If I’m lucky and can husband my new-found strength, I’ll finish that Marine Corps book within a couple of years and ask you for your blessings on it, along with that of Jesus.
Yours,
Bill
TO PHILIP CAPUTO
July 4, 1986 Vineyard Haven, MA
Dear Phil:
Life down there with all that fishing seems so idyllic that I’ve got half a mind to chuck this Vineyard scene and come to Key West. But I do imagine that the heat is a little intimidating at the moment, so if I do take you up on your suggestion and come, I’ll doubtless do it in the fall. Anyway, it was good to hear from you. The Statue of Liberty event which I’ve been following on TV seems such a gross piece of commercialism that it makes one lose the vestiges of one’s patriotism. A wonderful Alabama lady,*qqq age 84, who lives up here in the summer quite rightly and indignantly asked why the TV coverage of the Liberty show couldn’t have been government sponsored, with no beer commercials. The gov’t, she also said rightly, should have paid for the restoration of the statue instead of having Lee Iacocca hustle the project. It would have cost the taxpayer
s ¼ the cost of a ballistic missile.
All my depression has disappeared, even the vagrant shadows that were hanging around when I saw you, and I’m well into a revised version of the book along the lines I spoke to you about. I feel good about the new version, and work is slow as usual, but fairly steady.

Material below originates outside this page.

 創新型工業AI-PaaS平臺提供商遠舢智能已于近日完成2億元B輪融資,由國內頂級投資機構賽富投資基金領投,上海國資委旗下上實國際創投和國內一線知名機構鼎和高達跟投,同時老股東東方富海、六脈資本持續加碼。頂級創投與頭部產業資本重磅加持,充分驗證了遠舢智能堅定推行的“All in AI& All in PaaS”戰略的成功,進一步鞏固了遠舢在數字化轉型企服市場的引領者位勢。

I’m pleased that you and Esquire are pleased about the article.*rrr I’ve reread the Xerox of the piece which you sent me and I’m sure your revisions will fit in well. In the draft that I’ve read I only have two or three small items that I’m concerned about and which, as a favor, I wish you’d eliminate in the final version. I think when I was getting deep into my illness I may have mentioned them to you but much of that time is fuzzy to me so at risk of repetition I’ll mention them again. On p. 26 there is my criticism of William Gass which I wish you’d get rid of.*sss I do feel that way but I honestly don’t think there’s any need to alienate a fellow writer in print. Also, I wish you’d tone down my observations about academics. “Creeps” they are—many of them—but that’s too strong a word for me to want to be quoted as calling them. Finally, in the last few paragraphs I’m not too happy about that very ambiguous reference to “skullduggery.” I don’t want to suggest that either of us censor what I might have told you in a perhaps indiscreet moment but I’m not happy with the way that remark stands at the moment.

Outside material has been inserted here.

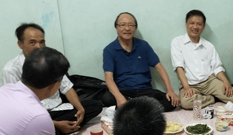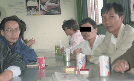 Hình anh Thuyết ngồi đối diện với ký giả Tường Thắng (đeo kính),

How goes your work at the moment? Well, I hope. In the next life I’m going to have a Pontiac dealership instead of writing novels. I’ve been reading a lot more recently about the Vietnam war. Bill Broyles’ book on his return to Vietnam (Brothers in Arms) is quite remarkable, I think, as a retrospective document by a combat veteran.*ttt Have you read it? Also, I just finished another good but depressing (pardon the word) chronicle about Vietnam vets, Payback by Joe Klein. I imagine you’ve read it; as a matter of fact, Klein uses a quote from A Rumor of War as an epigraph to one of the book’s sections. I’m trying to get a line on some work dealing with the most badly wounded survivors of the war. Do you know of any such book? There’s an enormous amount already written on the psychological damage (I’ve just read Wounds of War by a psychiatrist, Herbert Hendin) but if you could suggest anything in particular about physical casualties, I’d like to know.*uuu I suspect you can understand my reason for wanting this kind of information, since as I told you a horrible wounded Marine figures centrally in the version—the new version—of my book.